He says it again

Bill Morneau is Canada’s finance minister. He was in St. John’s this past week and spoke to the Board of Trade,  the capital city’s business group.

And  true to form that wonderful word ‘infrastructure ‘was thrown around with reckless abandon. Although the Minister was quick to point out this was no silver bullet , it was all he had on offer and thought it could really help. And short term  in some specific places , perhaps . But it is money the Feds don’t have in fact. It is really all borrowed money. He goes around talking of spending , spending his grandchildrens’ money. How easy! And wrong.

Of course, the Minister , if he was being really truthful given that the Feds  have a loan guarantee, he would be referencing the billions of dollars Muskrat Falls project and expressing his dismay over the cost overruns and mismanagement now evident. He would be chastising the provincial  government for its unwise budget , cutting public libraries while all sorts of other  unnecessary spending should be eliminated first. And a host of other imprudent spending decisions. Oh, no, as we all  know this is politics not finance and economics notwithstanding the precarious predicament of the Province’s finances and economy.  So , like too many finance minister before him he discards his solomn responsibilities ,even with an election years away , and talks more public spending rather than sensible  finance decision making , and encouraging the Province to provide better governance and over sight on its disastrous hydro project.

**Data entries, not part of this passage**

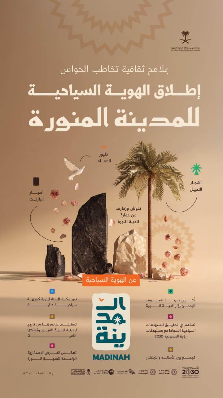 تمثّل "الهوية السياحية للمدينة المنورة" التي أطلقها صاحب السمو الملكي الأمير سلمان بن سلطان بن عبدالعزيز أمير منطقة المدينة المنورة رئيس مجلس هيئة تطوير المنطقة، خطوةً إستراتيجيةً رائدة، تُجسّد عناية القيادة السعودية بهذه المدينة المباركة، وتواكب ما تشهده من مشاريعٍ ومبادراتٍ نوعية، تُسهم في تحقيق مستهدفات رؤية المملكة 2030. وتهدف الهوية السياحية إلى دعم توجهات المنطقة لإثراء تجربة الزوار وضيوف الرحمن، وتعزيز جودة حياة السكان، والعمل على تعزيز مكانة المدينة المنورة وجهة عالمية رائدة. وتستمدُّ الهوية السياحية عناصرها من عُمق المدينة التاريخي والثقافي، ومن رموزها الأصيلة المُستلهمة من تراثها، مثل خطّ المدينة الطِّباعي، والحرّات، وأحجار البازلت، وأشجار النخيل، والعِمارة التقليدية، لتُشكّل علامةً بصريةً مُميزة، تجمع بين الأصالة والحداثة، وتُرسّخ صورة المدينة وجهةً تعتزّ بالماضي، وتفتحُ آفاقًا للمستقبل. وتسعى الهوية السياحية إلى ترسيخ صورة ذهنية مُتجددة للمدينة المنورة وجهةً عالميةً متميزة، وتعزز ارتباطها العاطفي بالسكان والزوار، بوصفها أيقونة تاريخية ثقافية، تربط بين الماضي والمستقبل. وأوضح أمين منطقة المدينة المنورة الرئيس التنفيذي لهيئة تطوير المنطقة المهندس فهد بن محمد البليهشي أن إطلاق الهوية السياحية يأتي إنفاذًا لتوجيهات سمو أمير المنطقة الرامية إلى تنمية القطاع السياحي، وتعزيز مكانة المدينة المنورة وجهةً عالمية، وانسجامًا مع مستهدفات رؤية المملكة 2030، مشيرًا إلى أن توقيت إطلاق الهوية السياحية بالتزامن مع احتفالات اليوم الوطني الـ95، شكّل حدثًا فارقًا في ذاكرة السكان والزوار، ترجم حرص سمو أمير المنطقة على أن يكون الإطلاق بحضور الأهالي تقديرًا لهم. وأكد أن الهوية السياحية تبرز التنوع الثقافي والمعماري للمدينة المنورة، لتجسّد تميز مكانتها السياحية، وتحافظ على هويتها التاريخية والثقافية ومسيرتها نحو المستقبل، لتقديم تجربة متجددة تعكس الأصالة وتواكب التطور. وبين أن "الهوية السياحية" للمدينة المنورة تعكس الفُرص الواعدة أمام المستثمرين والعاملين في القطاع السياحي, الذي يُعدُّ رافدًا حيويًا للتنمية الاقتصادية، والاجتماعية، مفيدًا أن العمل التكاملي مع مختلف الشركاء في القطاعين الحكومي والخاص، يفتحُ المجال لصناعة وجهات سياحية متنوعة، تُسهم في تحسين جودة الحياة، وإثراء تجربة الزوار، عبر استثمار مقومات المدينة الطبيعية والجغرافية، وتحويلها إلى محركٍ رئيسي لصناعة السياحة. يُذكر أن إطلاق الهوية السياحية للمدينة المنورة يتكامل مع ما حققته من ريادة عالمية في القطاع السياحي، إذ أُدرجت ضمن قائمة أفضل (100) وجهة سياحية عالميًّا لعام 2024م، وفقًا لتقرير يورومونيتور إنترناشيونال، وحققت المدينة تقدمًا عالميًا في مؤشر IMD للمُدُن الذكية لعام 2025م، متقدمة (7) مراتب، لتُصبح في المرتبة (67) عالميًا، في خطوة تعكس تقدمها في تبني الحلول الذكية، وتطوير بيئة حضرية مُستدامة، وبرزت تجربة المدينة المنورة الريادية في توطين أهداف التنمية المستدامة خلال أعمال المنتدى السياسي رفيع المستوى بالأمم المتحدة للعام 2025.
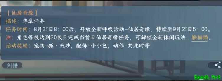 3、随后我们再次询问关于仙居奇缘的相关内容,发现目前还不能解锁,要等到8月31日八点后开放。
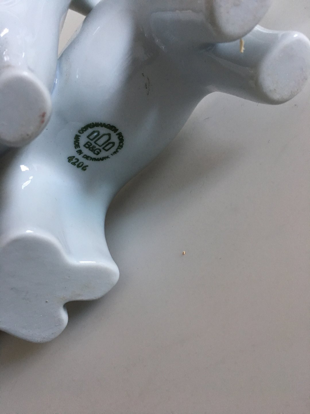Bing and Grondahl Figurine of White Cows No 4206. Designed by Agnethe Jørgensen. Measures 23 cm x 10 cm x 8 cm, and is in good condition.
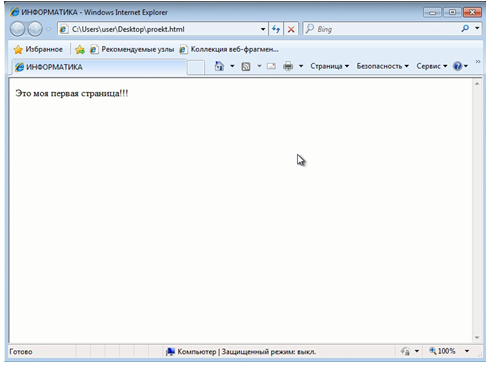 Далее откроем созданный документ в браузере. В контекстном меню выберем команду, открыть с помощью браузера Internet Explorer. Текст «Это моя первая web-страница!!!» отображается на странице. Обратите внимание, где располагается заголовок окна.

No Mr. Minister, Infrasructure won’t cut it . Everywhere  it has been tried it is not been successful in and of itself  in lifting a jurisdiction to success. Few remember the late fifties and the Diefenbaker winter works program ; lots of post offices, few long term jobs. Look at Japan. It has been trying to spend its way without success, just more debt. Uncle Sam had its $800 billion stimulus and still can’t get over 2% growth . If spending was the answer France would be a powerhouse rather than an anemic partner of the EU . And on it goes .

Mr. Minister , nothing beats living within your means; obviously an alien concept to you. Keynes is very much alive in your world, sadly.

Productivity , innovation , a fair tax system for investment and business growth , and rigorous education standards are what matters in the long run . With such emphasis firmly in place limited targeted ‘infrastructure ‘  has a place , not the priority core element but a complimentary  part.

Canada has no chance of breaking out of its perpetual mediocrity without such an approach.